We work with a lot of managers helping them with how to best support the working parents in their team. This involves the pre and during leave stages where there are a lot of practical elements that need to be organised, but importantly we also look at the post leave stage and how a manager’s ongoing support is critical to the successful return and ultimate progression of the working parents in their team.

The overwhelming majority of managers we work with are well-intentioned and want to proactively support the parents in their team. However, what we do see is that often a manager’s assumptions about what a new parent will want from their career, influenced of course by their own experience or unconscious bias about managing work and parenting, can be counter-productive for the new parent. This is particularly true if the parent has a flexible or part-time working pattern.
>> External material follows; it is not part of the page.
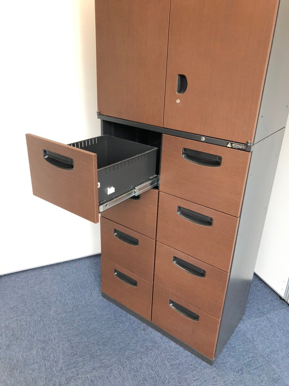 レア中のレア!木目タイプ。下置き書庫は2列4段タイプのキャビネット。書類の小分けに便利です。- 神戸・三宮店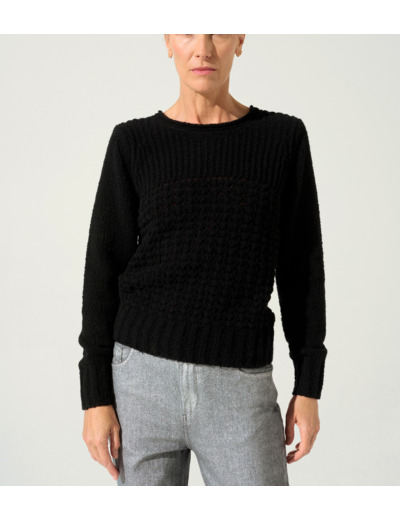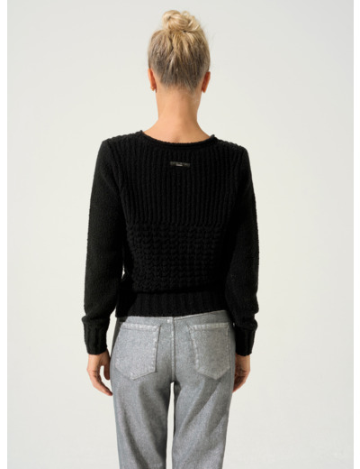 • Caractéristiques clés : Pull à l'encolure ronde en matière mousseuse, douce et légèrement poilue, irrégulière et chaude. Encolure ronde, petit buste qui souligne la taille et manches larges resserrées aux poignets. Point fantaisie façon macramé mélangé.

In the desire to be accommodating and helpful, managers look at how to ease the burden on a newly returned parent. One obvious way this manifests itself is to assume that a new parent won’t want a demanding or high-profile piece of work or project when they return. Often this is regardless of the working style and ability of the person before they became a parent.  From a manager’s perspective, they are shielding the new parent from a potentially demanding workload, but this assumption has several implications and possible repercussions.

  • Much of the hard part of returning to work is getting there at all – the myriad of logistical, financial and emotional hoops that parents jump through to facilitate coming to work mean it is not a decision taken lightly. For many parents, this Herculean effort is only worthwhile if, when they get to work it is interesting, stimulating and ultimately rewarding. Therefore, by shielding parents from high-profile work, a manager is potentially making the effort it has taken to get there in the first place seem somewhat futile.
  • For many parents, work is a way of reconnecting with an important part of their identity and they may relish the chance to be their ‘old-self’ during the working day, immersed in a world away from nappies and nursery rhymes. By removing work that is perceived to be too demanding (but ultimately more rewarding), a manager could well be contributing to the identity loss that many parents feel.
  • At worst, if a manager unilaterally decides to ‘shield’ a new parent from demanding work it can be perceived by the parent that their manager has lost faith in their ability. Many parents experience a loss of confidence when they return to work and this is likely to exacerbate if the signal they receive from their manager is that they are somehow no longer ‘up to the job’. However well-intentioned, the result can reinforce any self-doubt the parent may have already been feeling.
  • The assumption that someone working flexibly won’t want a high-profile project reinforces the belief that there is only one version of success. Confusing presenteeism with ambition or ability removes the opportunity to create role models who are working in different ways and ultimately undermines efforts to increase diversity throughout an organisation.
  • Higher profile projects help with exposure and success in one project tends to lead to other opportunities and ultimately chances of career progression. Therefore, by reducing the exposure a new parent can gain (on top of what might be a lengthy period of absence), a manager may be creating a negative cycle that damages the self-belief and career progression chances of the parents in their team.

As mentioned, rarely do we meet a manager who is openly hostile to having working parents in their team, but the ‘killing with kindness’ tendency is something we do encounter.  Our advice is for managers to set aside their own assumptions and actively discuss with an individual their preferences. For some parents a return to work is overwhelming and they need a period of adjustment but for many others, work provides a vital part of their identity and becoming a parent can kickstart a real drive to succeed.

As the nature of work changes, perhaps the greatest kindness a manager can show their team is championing many different versions of success and demonstrating through their actions the vital role they play in ensuring that becoming a parent is not a barrier to progress.